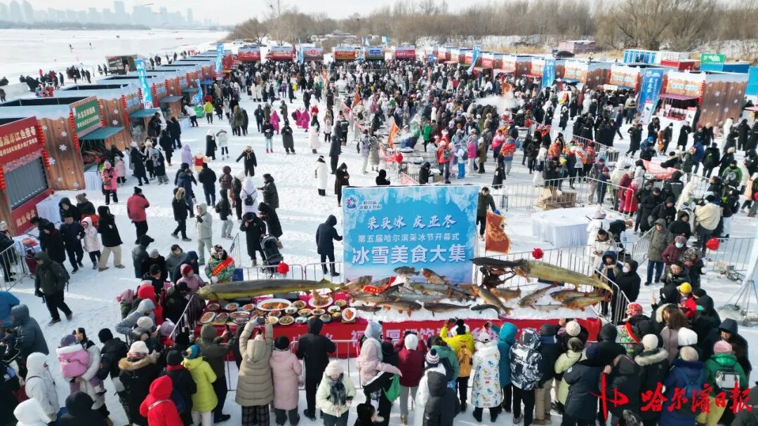 以冰雪激情奏响亚冬乐章。在采冰节现场,近6米高的雪雕“滨滨”和“妮妮”动感十足、格外吸睛,群众大联欢、幸运首日冰、大锅煮冻饺、江水炖江鱼等活动异彩纷呈,新增设的冰雪市集云集了众多文创新品、非遗精品,市民游客不仅可以在冰天雪地里品尝热气腾腾的“哈尔滨味道”,还可以近距离观赏非遗传承人的精湛技艺,并在畅玩冰雪、体验冰版画制作的过程中感受冰天雪地的独特魅力和澎湃活力。
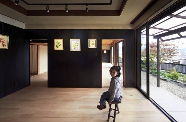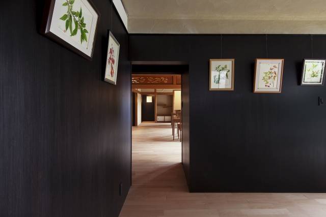 ここではその平面形状を一切変更せずに、「植物画」を飾るための黒壁を室内各所に挿入しています。
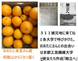 3月14日 資料などを整理する日。 ■FB投稿 歌山から春のみかん届いた。 生産したのは「おおたに食堂さん」。送り主の彼女と知り合ったのは2011年「3・11被災地報告」を京都工繊大で出会った。ほかにも大阪、京都、東京圏内では芸大・東大などからも声がかかり被災地から現況を報告など実施した。同時に「大災害の被災地に来て見て体験して・・・」誘っていた。(フクシマに来てと誘っても、親からクレームが出るなどと断られた。誰も来なかったがついに、8年後に京大の柳沢究先生と学生さんたちによって福島県庁とフクシマ各地を取材していただいた─記録あり) 岡田研のおおたにさんと仲間たちは現地に来てフリーペーパー『鮪立へ』を刊行した(凄いことだ)和歌山の漁民が鰹を追って宮城県唐桑半島にたどり着き、東北での鰹の一本釣り発祥に地になっている鮪立(しびだち)。 工繊大岡田研作成のフリーペーパーは唐桑半島の港町の鮪立で大好評となり増刷もした。(現在もPDFで公開している http://fullchin.jp/k/002sibi/01sibi/okada.pdf 開いてみてください ませ ) みかんとの縁は岡田研でおおたにさんからみかんを頂いて以来だ。毎年、春になると注文して送っていただいている。(おおたにさんは地元に帰っているようだ) 311被災地報告会でも多くの優しい人々に知り合い現在も交流している人達は多い。あれから15年もの長きにわたりお付き合いいただきまして、改めて感謝!申し上げます。お元気でしょうか。 |

──────────

* _Requirement_: Please set down each line of the data above exactly as written, without the pictures.

* _Solution_:
 以冰雪激情奏响亚冬乐章。在采冰节现场,近6米高的雪雕“滨滨”和“妮妮”动感十足、格外吸睛,群众大联欢、幸运首日冰、大锅煮冻饺、江水炖江鱼等活动异彩纷呈,新增设的冰雪市集云集了众多文创新品、非遗精品,市民游客不仅可以在冰天雪地里品尝热气腾腾的“哈尔滨味道”,还可以近距离观赏非遗传承人的精湛技艺,并在畅玩冰雪、体验冰版画制作的过程中感受冰天雪地的独特魅力和澎湃活力。
 ここではその平面形状を一切変更せずに、「植物画」を飾るための黒壁を室内各所に挿入しています。
 3月14日 資料などを整理する日。 ■FB投稿 歌山から春のみかん届いた。 生産したのは「おおたに食堂さん」。送り主の彼女と知り合ったのは2011年「3・11被災地報告」を京都工繊大で出会った。ほかにも大阪、京都、東京圏内では芸大・東大などからも声がかかり被災地から現況を報告など実施した。同時に「大災害の被災地に来て見て体験して・・・」誘っていた。(フクシマに来てと誘っても、親からクレームが出るなどと断られた。誰も来なかったがついに、8年後に京大の柳沢究先生と学生さんたちによって福島県庁とフクシマ各地を取材していただいた─記録あり) 岡田研のおおたにさんと仲間たちは現地に来てフリーペーパー『鮪立へ』を刊行した(凄いことだ)和歌山の漁民が鰹を追って宮城県唐桑半島にたどり着き、東北での鰹の一本釣り発祥に地になっている鮪立(しびだち)。 工繊大岡田研作成のフリーペーパーは唐桑半島の港町の鮪立で大好評となり増刷もした。(現在もPDFで公開している http://fullchin.jp/k/002sibi/01sibi/okada.pdf 開いてみてください ませ ) みかんとの縁は岡田研でおおたにさんからみかんを頂いて以来だ。毎年、春になると注文して送っていただいている。(おおたにさんは地元に帰っているようだ) 311被災地報告会でも多くの優しい人々に知り合い現在も交流している人達は多い。あれから15年もの長きにわたりお付き合いいただきまして、改めて感謝!申し上げます。お元気でしょうか。 |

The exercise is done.